I agree that we cannot change the behavior of this option itself, but I think 
we can add new option instead. 

bq. I don't really agree with this. It may not be doing an ideal job but I 
think the intent is to introduce fairness between users. It's a progression 
from 0 being the most fair, and 100+ being more fifo. In your example it's 
trying to get everyone 50% which isn't likely to happen so in this case it's 
going to operate mostly fifo. If the intent is to be much more fair across the 
10 users, then a much smaller value would be appropriate.
The problem I can see is, it uses #active-user to compute user-limit, this can 
lead to unfair, an example of this:
A queue has 100 guaranteed resource (capacity=max-capacity=100). And 
minimum-user-limit=25.
There're 4 users in the queue, they're using u1=40, u2=30, u3=20, u4=10 
resources. After a while, u3 finished its application, so there're 20 available 
resources. Only u2 and u1 are asking resources. So the user-limit = 
max(1/#active-user, 25/100) = 50. So it is possible u2 get all available 
resource, and usage becomes u1=40, u2=50, u3=0, u4=10. This is very unfair to 
me.
And I think currently we cannot relief this issue via tuning minimum-user-limit.

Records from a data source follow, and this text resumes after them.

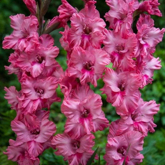 Луковицы Гладиолуса гофрированного Кингстон (Gladiolus Kingston) пользуются особой популярностью у садоводов за неповторимую красоту сорта – нежные гофрированные лепестки и обильное долгое цветение (с июля по октябрь). Многолетник не требователен в уходе, ему необходима подкормка, регулярный полив и солнце. Безветренные участки предпочтительней. Растение имеет крепкие высокие стебли, на которых располагаются мечевидные листья и обилие соцветий из объемных воронкоподобных цветков (с гофрированными лепестками). Гладиолус гофрированный Кингстон имеет праздничную ярко-розовую окраску. После цветения, осенью, луковицы выкапывают для зимнего хранения.
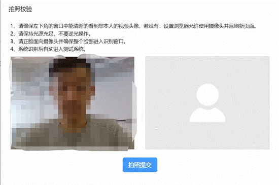 (7)点击开始后,会进入拍照识别阶段,此时需要把手机摄像头对准自己,或者进行自拍,验证通过后开始答题
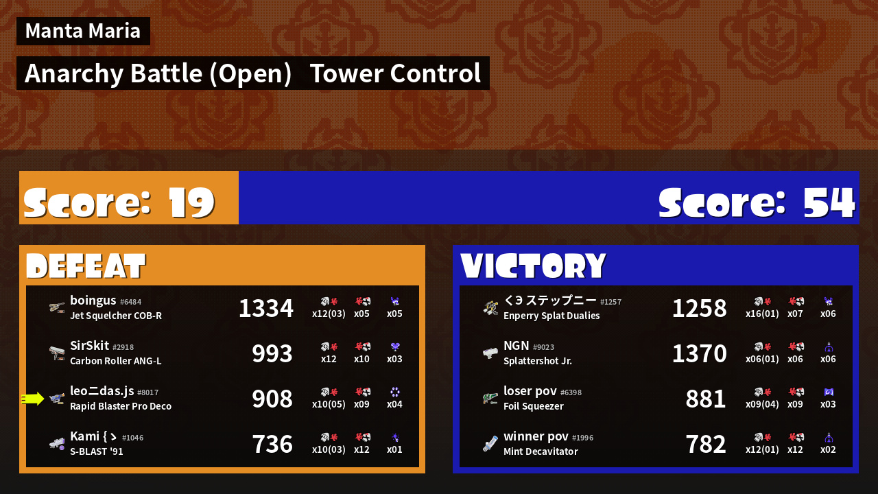 | Mode | Tower Control - Anarchy Battle (Open) | ||
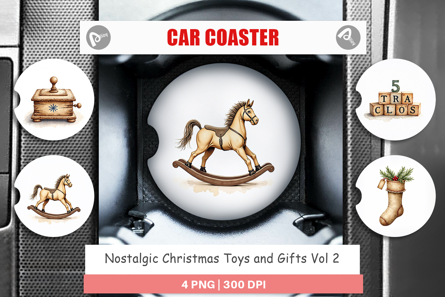 Sublimation Designs Car Coaster Png Car Coaster Sublimation Vintage Christmas Gifts Diy Car Accessory Printable Gift Png Nostalgic Christmas Toys Retro Holiday Theme Christmas Car Gift Holiday Stocking Stuffer

bq. Since the scheduler can't predict what an application is going to request 
in the future, I don't see how a predictable formula is even possible (ignoring 
the possibility of taking away resources via in-queue preemption). It's not 
great, but being fair to currently requesting users makes some bit of sense.
The definition of predictable in my mind is: given resource request of each 
user, queue's guaranteed/available/used resource, we can get how much resource 
of each user can get. The above example shows we cannot get resource of each 
user can get. If thinking more fair, when there's any available resource, we 
should give them to users have requirement and also respecting their usage 
(e.g. we should give 20 available resource to u4 to make usage to be u1=40, 
u2=30, u3=0, u4=30). 

bq. user-limit-factor is the max-resource-limit of each user today, right? The 
second one seems very hard to track. It seems like one of the initial users can 
stay in the "guaranteed" set as long as he keeps requesting resources. This 
doesn't seem very fair to the users only getting idle shares.
You're correct, it is not good. How about computing fair share (as same as how 
fair scheduler computes fair share) for users within a queue, it will be a new 
option like (enable-user-fair-share), and user can choose to use 
minimum-user-limit OR enable-user-fair-share. 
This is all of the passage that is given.